INSTRUCTIONS TO FOLLOW → Repeat, exactly as they appear, the lines from the one with "高弹仿牛仔打底短裤女外穿高腰" through the last line of the entries below, but none of the pictures.

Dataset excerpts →
# # # # # # #

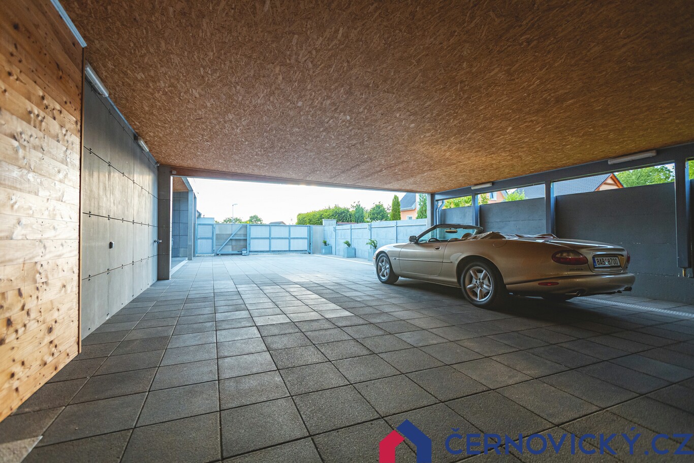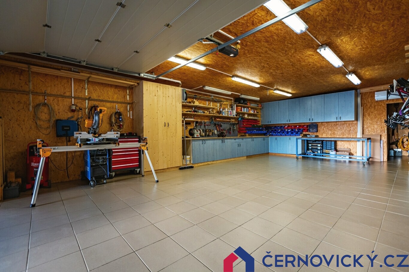 Co dům nabízí vašim živým láskám, to už jsme prošli. Teď jsou na čase ty plechové. Pro ty máme královskou 70 m2 garáž, která je vytápěna samostatným tepelným čerpadlem s funkcí temperování. Rozvod centrálního vysavače je i tady. Pokud budete chtít garáž využít jako dílnu a nebo klidně rozšíření obytného prostoru, i tak vám na auta pršet nebude.
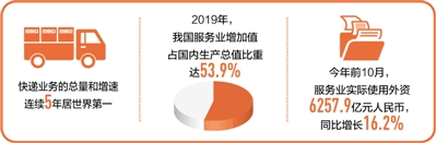 過去兩年,我國宣布了眾多金融業(yè)開放措施,以金融業(yè)為代表的服務業(yè)開放成為我國全面擴大對外開放的“重頭戲”。“十三五”以來,我國服務業(yè)對外開放新舉措密集出臺,服務業(yè)開放步履鏗鏘。統(tǒng)計顯示,今年前10月,服務業(yè)實際使用外資6257.9億元,同比增長16.2%。
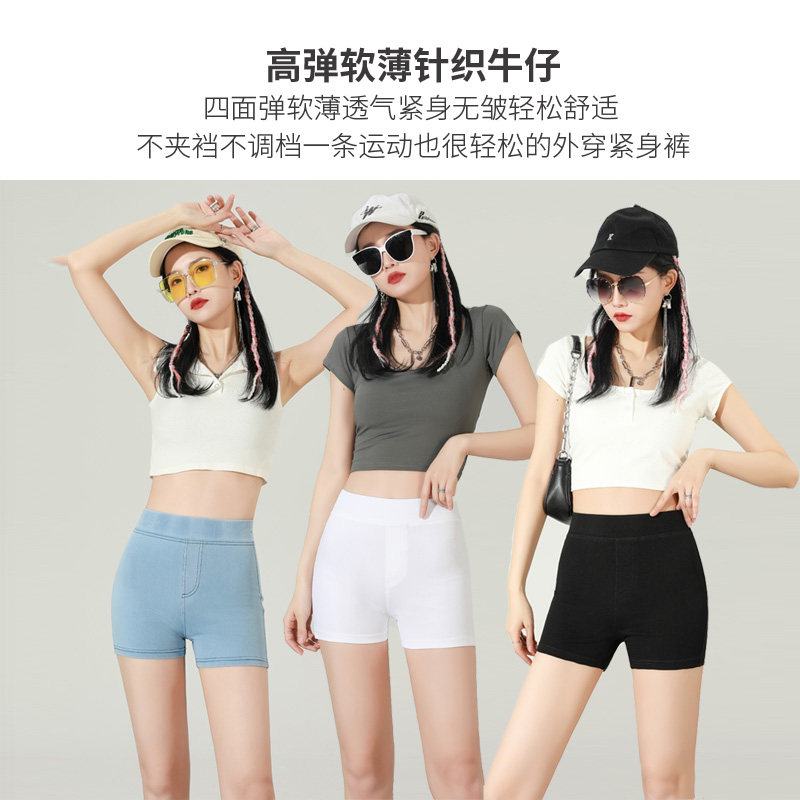 高弹仿牛仔打底短裤女外穿高腰
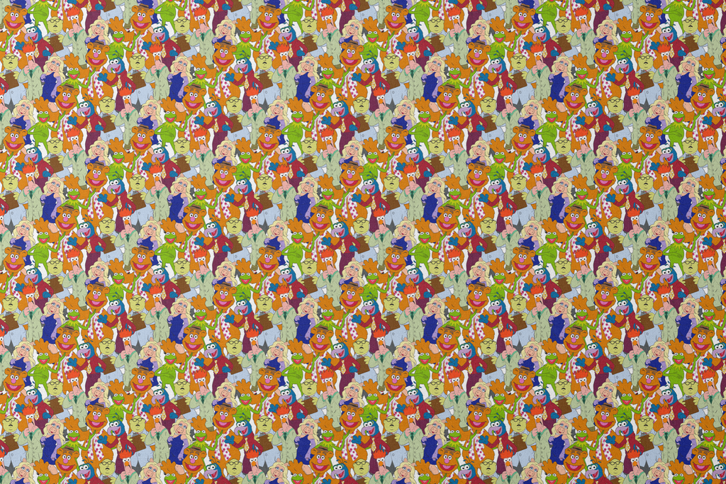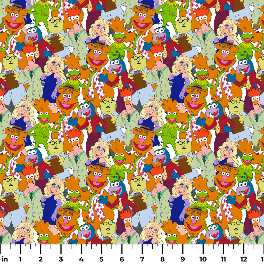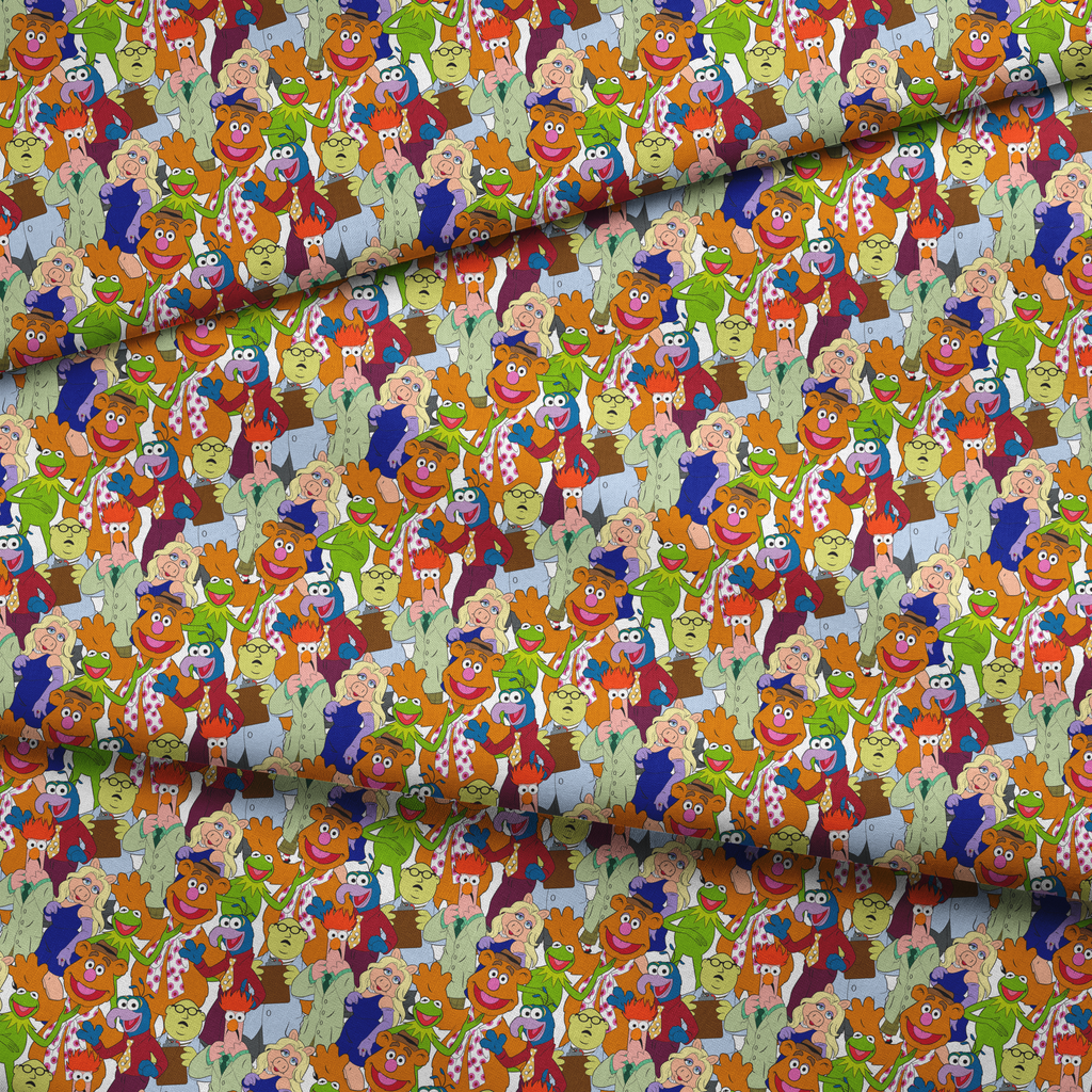 Colorful retro pattern featuring iconic Disney Muppet characters in bright colors. This nostalgic design showcases beloved entertainment figures in a vibrant, playful collage style perfect for fans of classic children's television.
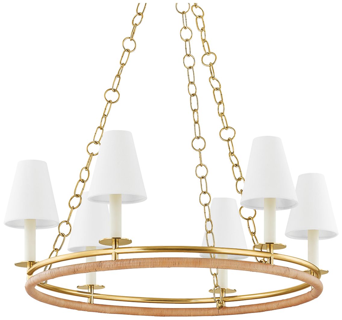 Hudson Valley Swanton 31" 6 Lt. Aged Brass Chandelier
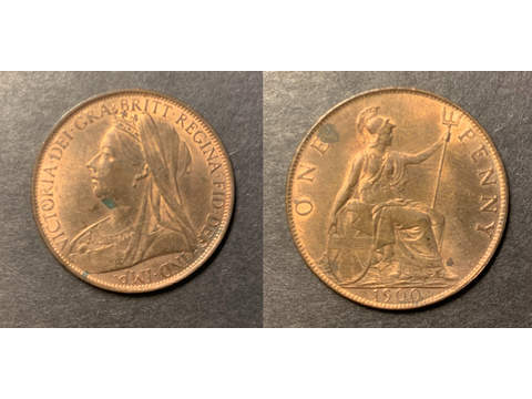 Storbritannien Queen Victoria (1837-1901) 1 penny 1900, UNC mycket röd lyster
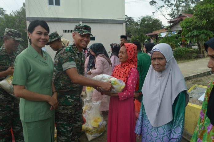 Dandim 0317/TBK membagikan bantuan sembako secara simbolis kepada perwakilan warga serta memberikan bantuan buku tulis bagi siswa dan siswi SDN 006 dan SMP 03 Satu Atap Belat. (*/nku)

# # # # # # #

TASK ANSWER →
 高弹仿牛仔打底短裤女外穿高腰
 Colorful retro pattern featuring iconic Disney Muppet characters in bright colors. This nostalgic design showcases beloved entertainment figures in a vibrant, playful collage style perfect for fans of classic children's television.
 Hudson Valley Swanton 31" 6 Lt. Aged Brass Chandelier
 Storbritannien Queen Victoria (1837-1901) 1 penny 1900, UNC mycket röd lyster
 Dandim 0317/TBK membagikan bantuan sembako secara simbolis kepada perwakilan warga serta memberikan bantuan buku tulis bagi siswa dan siswi SDN 006 dan SMP 03 Satu Atap Belat. (*/nku)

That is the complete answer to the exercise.